Within the entries below, output exactly the lines between the line containing "奥克斯空调一级能效2匹家用大挂机卧室客厅变频冷暖省电侠官方店" and the line containing "Blue Elephant Spoon", inclusive, and omit any picture.

■ Records for this exercise:
Segment Open

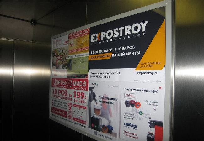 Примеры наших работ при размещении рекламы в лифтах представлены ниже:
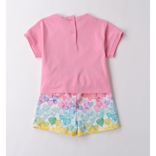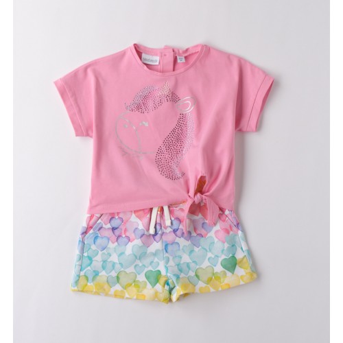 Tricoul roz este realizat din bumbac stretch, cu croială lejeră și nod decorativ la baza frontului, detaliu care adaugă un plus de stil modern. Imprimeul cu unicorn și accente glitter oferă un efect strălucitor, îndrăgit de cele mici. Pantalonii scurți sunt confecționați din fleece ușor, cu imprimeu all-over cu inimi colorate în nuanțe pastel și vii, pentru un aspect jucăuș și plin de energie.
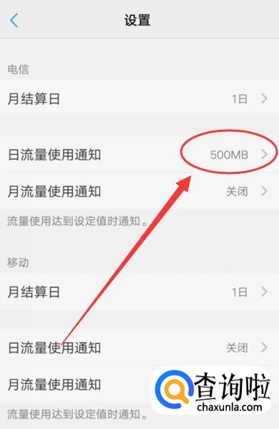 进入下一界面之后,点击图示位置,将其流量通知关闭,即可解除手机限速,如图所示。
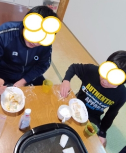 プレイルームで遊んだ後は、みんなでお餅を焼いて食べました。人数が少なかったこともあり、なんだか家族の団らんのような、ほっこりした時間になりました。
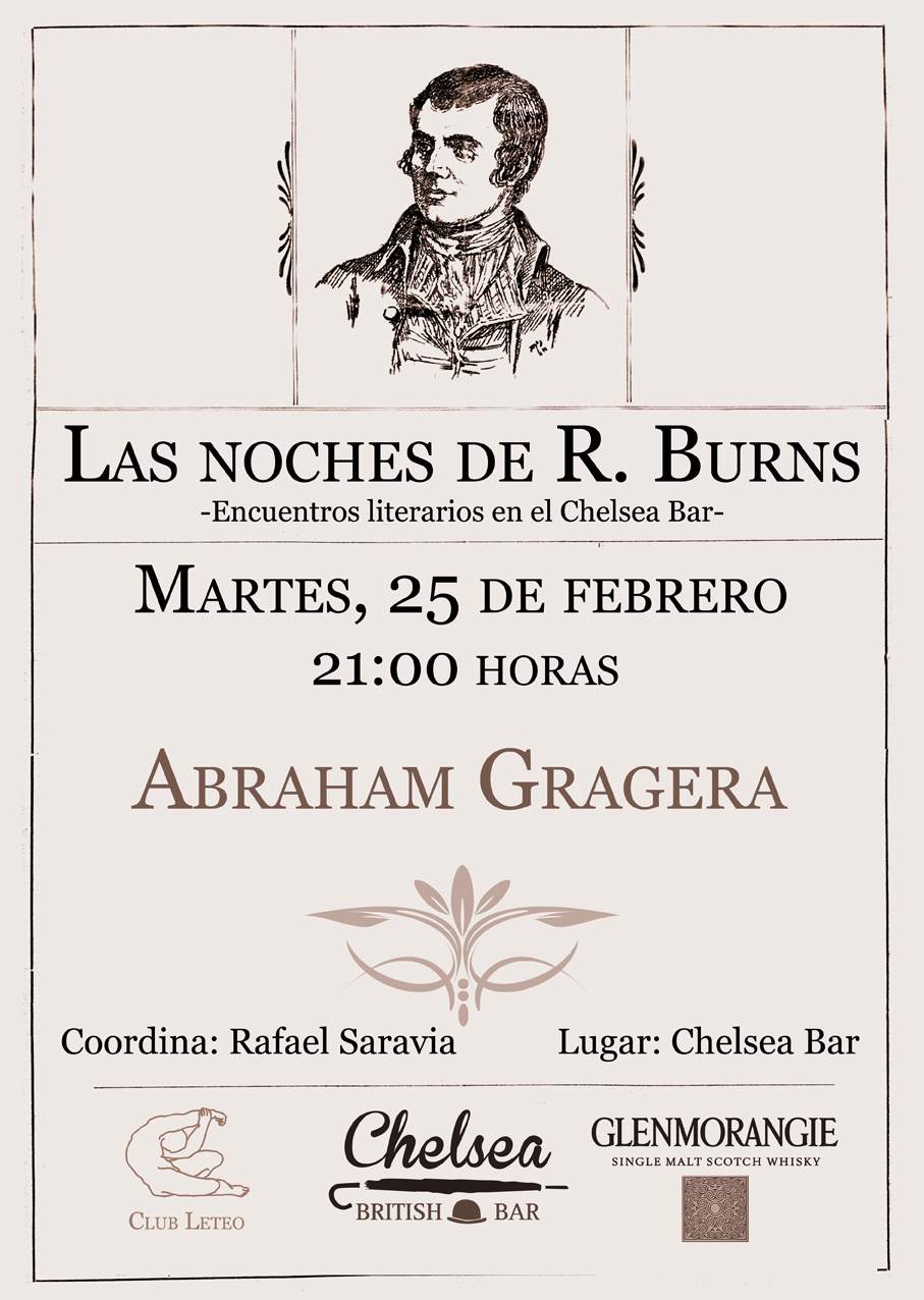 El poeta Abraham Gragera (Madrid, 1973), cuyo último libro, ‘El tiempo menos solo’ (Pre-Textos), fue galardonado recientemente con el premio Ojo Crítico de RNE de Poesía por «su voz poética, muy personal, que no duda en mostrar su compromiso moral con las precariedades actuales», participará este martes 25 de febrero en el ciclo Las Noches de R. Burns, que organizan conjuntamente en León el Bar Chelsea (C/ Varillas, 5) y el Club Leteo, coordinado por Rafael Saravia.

Segment Closed
Segment Open

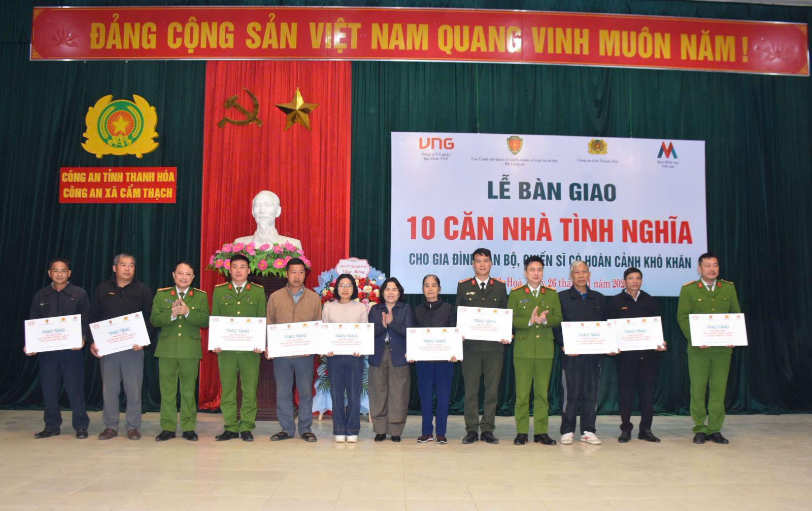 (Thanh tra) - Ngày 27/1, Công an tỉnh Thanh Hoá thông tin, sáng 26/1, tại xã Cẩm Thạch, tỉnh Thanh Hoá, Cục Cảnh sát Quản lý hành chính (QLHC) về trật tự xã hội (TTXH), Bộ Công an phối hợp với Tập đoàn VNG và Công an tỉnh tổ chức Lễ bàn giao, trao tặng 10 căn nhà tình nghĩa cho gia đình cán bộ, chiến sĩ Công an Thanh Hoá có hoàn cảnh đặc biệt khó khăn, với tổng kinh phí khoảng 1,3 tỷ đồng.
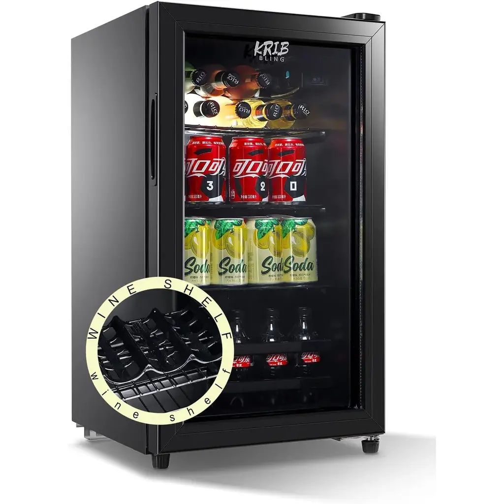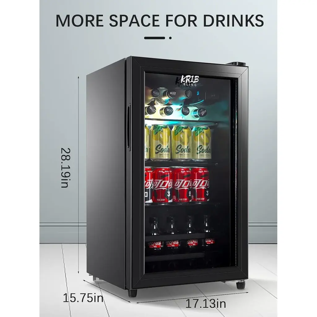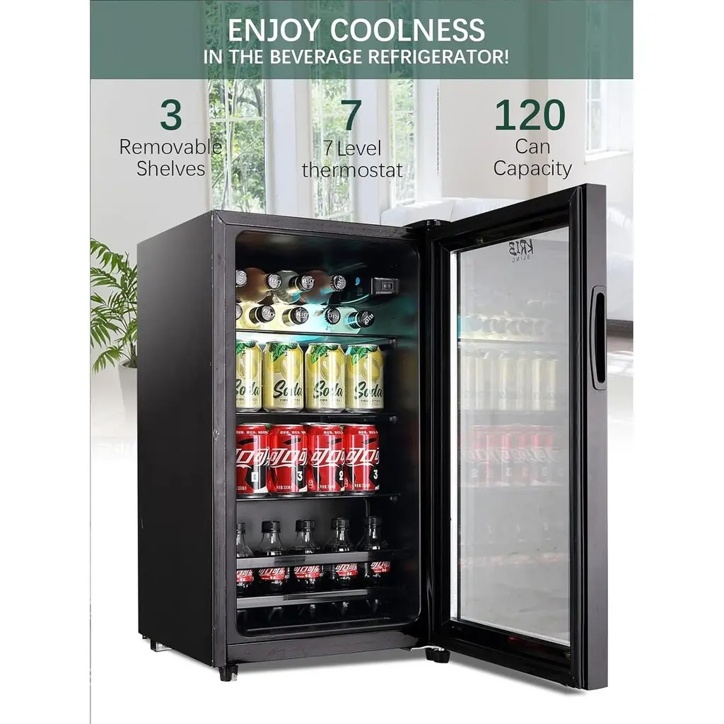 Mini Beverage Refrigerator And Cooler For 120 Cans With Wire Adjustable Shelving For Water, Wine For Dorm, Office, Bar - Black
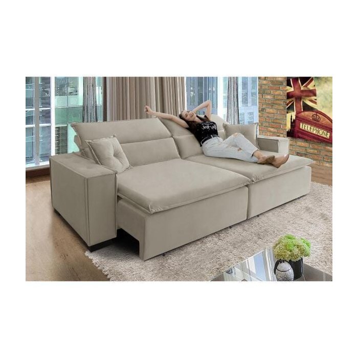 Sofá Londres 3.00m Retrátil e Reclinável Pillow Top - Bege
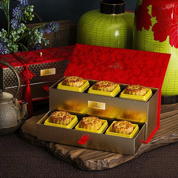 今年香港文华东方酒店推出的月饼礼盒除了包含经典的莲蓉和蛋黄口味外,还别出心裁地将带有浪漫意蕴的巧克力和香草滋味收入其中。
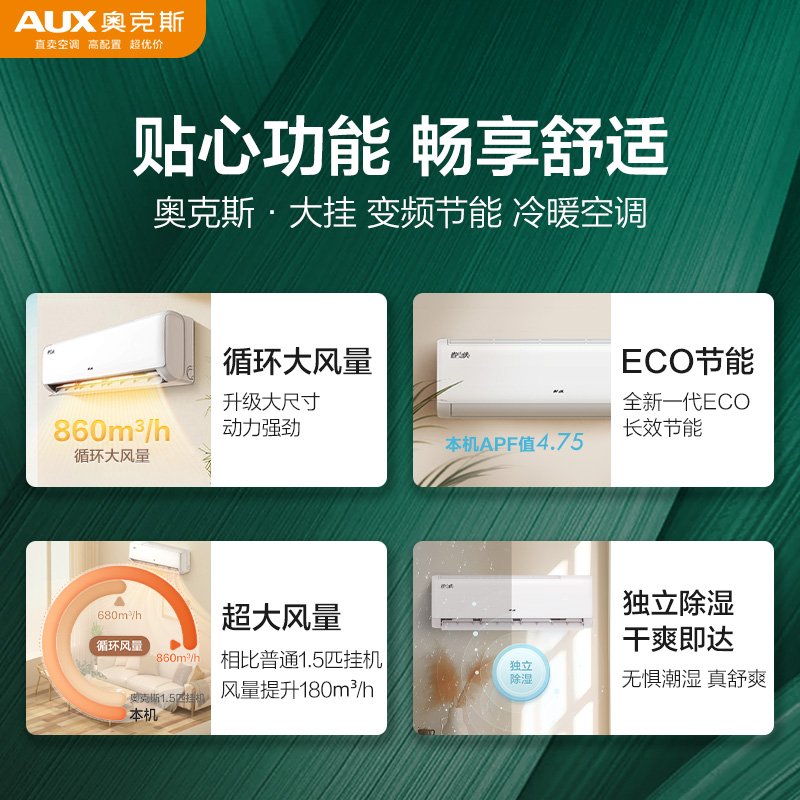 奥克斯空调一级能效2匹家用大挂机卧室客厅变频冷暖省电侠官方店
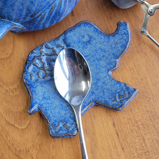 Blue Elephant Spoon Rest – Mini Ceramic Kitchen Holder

Segment Closed
Segment Open

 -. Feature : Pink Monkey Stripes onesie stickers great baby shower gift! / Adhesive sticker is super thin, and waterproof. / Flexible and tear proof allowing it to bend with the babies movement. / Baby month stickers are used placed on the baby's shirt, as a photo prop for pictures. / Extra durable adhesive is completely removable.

Segment Closed

■ Solution for this task:
 奥克斯空调一级能效2匹家用大挂机卧室客厅变频冷暖省电侠官方店
 Blue Elephant Spoon Rest – Mini Ceramic Kitchen Holder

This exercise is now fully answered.